Infatti, in base al contesto normativo, interpretato anche dalle Sezioni Unite, l'acquirente finale, che acquista per uso personale, rimane fuori dall'area di punibilità penale ex art. 648 c.p.: si tratta di "colui che non partecipa in alcun modo alla catena di produzione o di distribuzione e diffusione dei prodotti contraffatti, ma si limita ad acquistarli per uso personale", il quale risponderà del solo illecito amministrativo.
In altra fattispecie, relativa all'acquisto di merce contraffatta su internet (ben cento capi di intimo a un prezzo irrisorio), invece la Suprema Corte, ha ritenuto logico parlare di ricettazione.

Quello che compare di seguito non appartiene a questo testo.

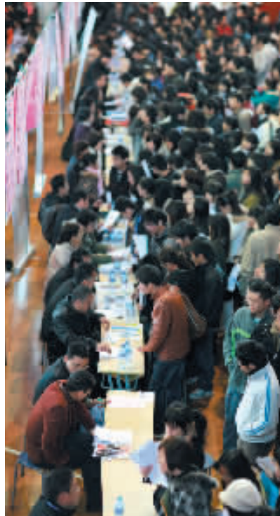
毕业生受到用人单位欢迎,校园招聘会场火热

后与德国、丹麦、美国、韩国等国家的多所高校签订合作办学协议,累计接收各国留学生266名,向韩国、丹麦等国家派出国际交换生37名,保送研究生3名,与德梅泽堡应用科学大学联合培养工商管理硕士(MBA)“名”。累计聘请外教来校任教66名,选派赴美国进行学术交流和培训教师54名。2007年学校荣获嘉兴市外事先进单位荣

La Cassazione, a fronte di inequivocabili dati oggettivi (come il numero dei capi acquistati, il prezzo incoerente con il valore commerciale, ecc.), ha escluso l'uso personale, ritenendo evidente "il dolo nella ricezione dei beni", avendo il soggetto "consapevolmente" accettato il rischio che i beni acquistati o ricevuti fossero di "illecita provenienza", proprio tenendo presenti "le modalità di acquisto, la discrepanza tra il numero dei capi indicati nella documentazione di trasporto e quelli effettivamente ceduti, indice di un accordo noto ad entrambe le parti e - infine - il prezzo praticato". Da qui l'impossibilità di ipotizzare un incauto acquisto online, propendendo per la ricettazione (cfr. Cass. n. 38113/2021).